Monday, May 20, 2013

Automatically Create DataStage Schema Files

Introduction

Loading a csv file to a database table is one of the simplest DataStage tasks. Using Runtime Column Propagation (RCP), a single parameterized job can handle multiple files. Here is a step-by-step tutorial to do just that: Guidelines to Develop a Generic Job using Schema Files. For each csv file, DataStage needs a schema file to load column information at runtime. In the tutorial, a sample schema file is created by hand. If there are dozens of csv files to be loaded, creating all those schema files manually is quite tedious. Since every csv file is mirrored in a database table, it is possible to let DataStage collect column information from the database automatically. I will show you 3 approaches in this post.

Semi-Automated Solution

The first solution is semi-automatic, using DataStage's Import Table Definition wizard. In DataStage designer, click menu item Import / Table Definitions / Orchestrate Schema Definitions, and then select Database table (via orchdbutil) option. Type in database connection info, and select the table to be imported. In the next step, DataStage reads column information from the database, and displays it in the schema file format, as shown below. 

Copy and paste the columns to a schema template. The template contains other format information, such as field and record delimiters. Save it to a new text file, and this table is done. Go back to the previous step, select another table, and repeat.
This approach works well on a handful of tables. If there are a lot more tables, or table structures change frequently, a fully automated approach is more desirable.

Fully Automated Solution 1

As revealed in the previous approach, the DataStage import wizard uses a command-line application (orchdbutil) to generate the schema under the hood. If you have access to the DataStage server and are comfortable with shell scripting or other scripting language, you can write a script to loop through table names in an input file, feed the table to orchdbutil, and parse its output. I am not going to get into the details. Here is a blog post that can help you get started: Importing Table Definitions With OrchDbUtil.

Fully Automated Solution 2

Another fully automated approach takes advantage of DataStage itself. Create a parallel job to read schema  through an Oracle connector using a custom SQL statement, and save it to a sequential file. Create a sequence job to loop through a list of tables. Below is a sample implementation of the parallel job, the SQL statement and the sequence job.


8 comments:

kumar said...
This comment has been removed by a blog administrator.
Anonymous said...

Thank you very much, nicely described and very helpful!

Unknown said...

could you please send a new link for shell scripting method

Jing said...

The link has been updated.

Anonymous said...

What is ALL_TAB_COLS in SQL statement ?

Anonymous said...

Hi Jing,

Thanks a lot for your post, it is very very helpful to create dynamic schema file without manual intervention.

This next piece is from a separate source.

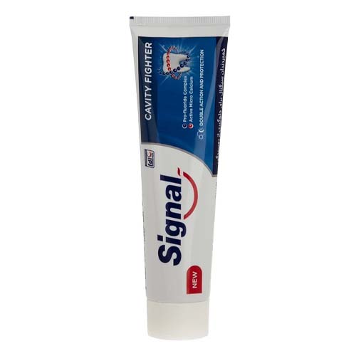 خمیر دندان ضد پوسیدگی کاویتی فایتر سیگنال حاوی پروفلوراید و میکروکلسیمهای فعال و 50% کلسیم بیشترتا 12 ساعت دندان را از پوسیدگی ایمن و باعث ترمیم حفرههای مینای دندان در شب میشود.
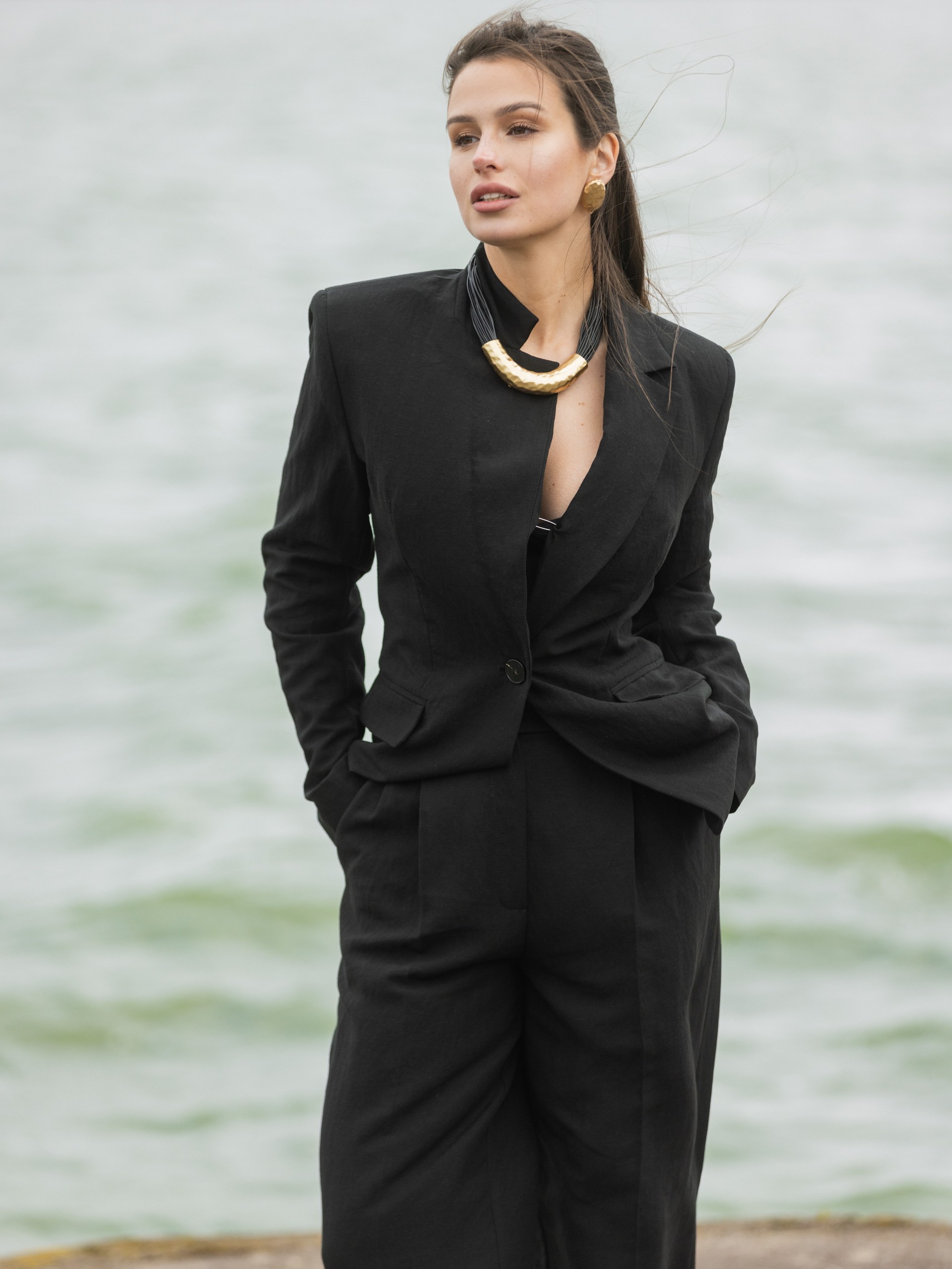 Жакет с карманами в черном цвете

In your "Fully Automated Solution 2", Can you please elaborate your SQL (which is between and 1st and 2nd Union All) to create schema file for all columns in a table ??

Based on your SQL, schema file will have just one column from a table

Thanks in Advance

Jing said...

The middle select statement gets column information from Oracle's built-in view ALL_TAB_COLS. It gives you ALL columns from a table.

Anonymous said...

Looks like you are assuming all CSV file are originated from a database tables as you wrote -- "Since every csv file is mirrored in a database table" -- what if the CSV file is made up or from an application log which has no associated database table? Is there a way to create schema file for such a CSV file using data state?

Thanks!